Your Garden In June
By Colin Dale, Notcutts Garden Centres
If you are fortunate enough to have a vegetable garden, this is a busy time for you!
Begin lifting early potatoes for immediate use once they are in full flower. The first outdoor sowings of salad crops will also be ready for use. Remember to pinch out the tops of Broad Bean plants when they are in full flower to help prevent Black Fly attacks. Successional sowings of soft herbs, salad leaves and Radish can still be made now. Remember to sow short rows every couple of weeks on a firm seed bed to ensure a continuous supply to the end of the summer.
Tomatoes grown in the green house should be ‘stopped’, by pinching out the tops, once they have set four to six trusses of fruit. Keep an eye on developing side shoots which should be removed so that the plants concentrate on making fruits not leaves! Water regularly and feed once a week with Tomorite or an equivalent liquid feed.
Your local garden centre will have stocks of summer bulbs and corms which can be planted now for late colour in borders or the cutting garden. Beautiful cottage garden plants, Dahlias are of special value if you are a flower arranger and perform from late summer through to the first frosts of the winter, when the tubers can be lifted and stored ready to be planted out again the following year. Another old favourite in flower now are Bearded Iris which will give valuable colour in a sunny, well drained border. They are available in a wide range of colours from pure white through to almost black, many with an evocative scent.
Old clumps should be split once they have finished flowering and some of the new vigorous pieces can be replanted, discarding the woody centres. Trim the sword shaped leaves to half of their height and plant with the rhizomes on top of the soil.
It is still not too late to give your perennials the ‘Chelsea Chop’. Reduce the height of new growth on Asters, Rudbeckia, Solidago and other late flowering subjects by half. This seems brutal, but the plants will produce more side shoots and thus more flowers! Deadhead earlier flowering subjects as the flowers fade and take the shoots back to new growth. Hardy Geraniums (Cranesbill’s) can be hacked right back to the ground after the first flush of flower is over - many will reward with one and even two more crops of flowers this year.
Round up all of your unused containers and visit your local garden centre to choose from the wide range of summer bedding plants available. Remember to mix in some slow release fertiliser which will help feed the plants, cutting back on the amount of liquid feeding required. As well as feeding once a week with a liquid fertilizer such as Miracle Gro, deadhead your containers regularly and check for water each day to ensure maximum flower power!
Top Ten Tips for June
1. Begin lifting early potatoes for immediate use towards the end of the month, once they are in full flower. Apply a biological control of Nemaslug to the ground if slugs are a problem on the tubers.
2. Continue with successional sowings of salad crops and soft herbs, in short rows fortnightly to ensure a supply until the end of the summer.
3. Pinch out the tops of Broad Bean plants when they are in full flower to lessen attacks of Black Fly.
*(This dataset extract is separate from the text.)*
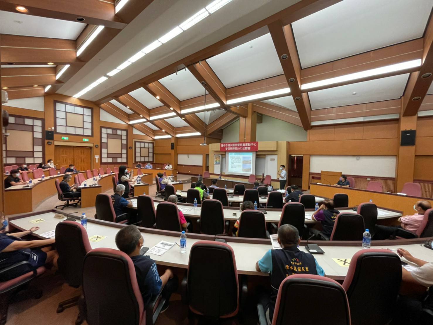 公聽會依據防疫規定舉行,現場落實防疫措施,台中市議會副議長顏莉敏、市議員王立任、陳廷秀、清水區體育會理事長陳財富、清水區多位里長、各運動中心執行長等人皆出席,台中市議會議長張清照、市議員楊典忠則派代表與會。(9/18*15)*運動局

Stop tomato plants once they have formed four to six trusses of fruit and keep an eye on developing side shoots which should be removed.
4. Visit your local garden centre and choose from stocks of summer flowering corms and tubers such as Dahlias which can be planted now, providing late colour in borders and as cut flowers for the house.
5. Divide old plants of Flag Iris once they have finished flowering. Discard the old woody centres and replant clumps of the young rhizomes, reducing the leaves by half and planting the rhizomes level with the soil surface.
6. Give your late flowering perennials such as Rudbeckia, Aster and Solidago the ‘Chelsea Chop’! Reduce the height of new growth by half, which will produce bushier plants and more flowers.
7. Round up all of your unused containers and visit your local garden centre to choose from the wide range of summer bedding plants available to give colour until late autumn. Purchase some slow release fertilizer to mix with the compost and a suitable liquid feed such as Miracle Gro or Phostogen.
8. On dry days, hoe off annual weeds in your borders and mulch any gaps using garden compost as it becomes available. Remember to use layers of material and add an activator such as Garotta, which will help speed up the rotting process.
9. Keep an eye on slug and snail control – especially if the weather is wet! Use a biological control of Nemaslug to cut the numbers or slug pellets used sparingly around vulnerable plants.
10. Deadhead your borders by taking the faded flower heads back to new shoots. Roses benefit from deadheading regularly and most will reward you with a succession of sweetly scented flowers throughout the summer.